Lesson 2 In-Class Discussion ✅

why is the animation slowing down when closer to correct line? like smaller steps?

1 Like

It’s because your gradients become smaller and smaller, so the steps are smaller and smaller.

2 Likes

okay. Thats convenient

what is the best learning rate value to start with?

You can understand why the gradient gets smaller by looking at the curve Jeremy showed earlier (the U shaped one). The gradient is basically the slope of that curve, and the closer you get to the minimum, the closer to 0 the slope becomes.

1 Like

I was asked the same question.

1 Like

does it make a difference (final result) if I choose mini-batches randomly vs sequentially in some order, say 0…31, 32…63, etc?

It does: during training it is best to have random indexes to build your mini-batches, this will avoid the model learning the answers in order.

5 Likes

How many is “too many” epochs?

1 Like

initially 3e-3

There is no way to know beforehand. That’s why it is good to train for some epochs and see if the validation loss is still decreasing. If the loss start to improve very little, you should stop training.

1 Like

Jeremy gave some elements to answer that earlier, but sadly there’s no good answer to that question.

How is learning answers in order possible?

It’s more like an image. But the model will lean better with shuffled images fed to him, this has been proven experimentally.

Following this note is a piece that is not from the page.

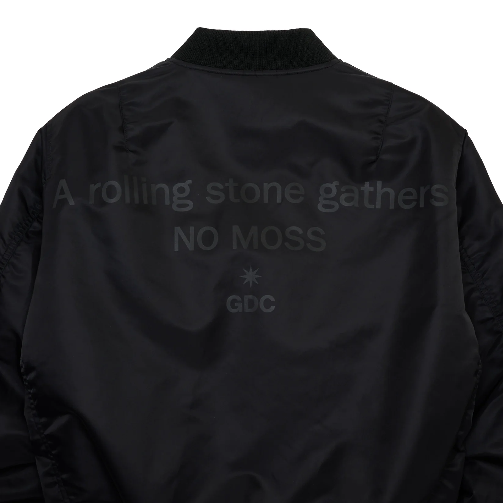 袖のユーティリティポケットやリブ仕様など、オリジナルの要素を丁寧に引き継ぎながら、GDCの解釈によるストリートなバランスへと仕上げている。熊谷の発案により、裏地にはフリース素材を採用し、リバーシブル仕様にアップデート。GDCだけの特別な一着となっている。背面には同色でさりげなく “A rolling gathers no moss” のメッセージを落とし込み、ミリタリーウェアにGDCらしい遊び心を添えている。

When we update the parameters in the with torch.to_grad() step, does that also zero the gradients before the next loss calculation?

1 Like

anyone else experiencing “! sudo add-apt-repository ppa:mc3man/trusty-media” failing?

Are all batch grabs within an epoch without replacement.Means in all cases will each batch be absolutely different than the last?

Rachel’s video: There’s no such thing as “not a math person” reference during the class.

10 Likes

In one epoch yes, no batches are repeated.

2 Likes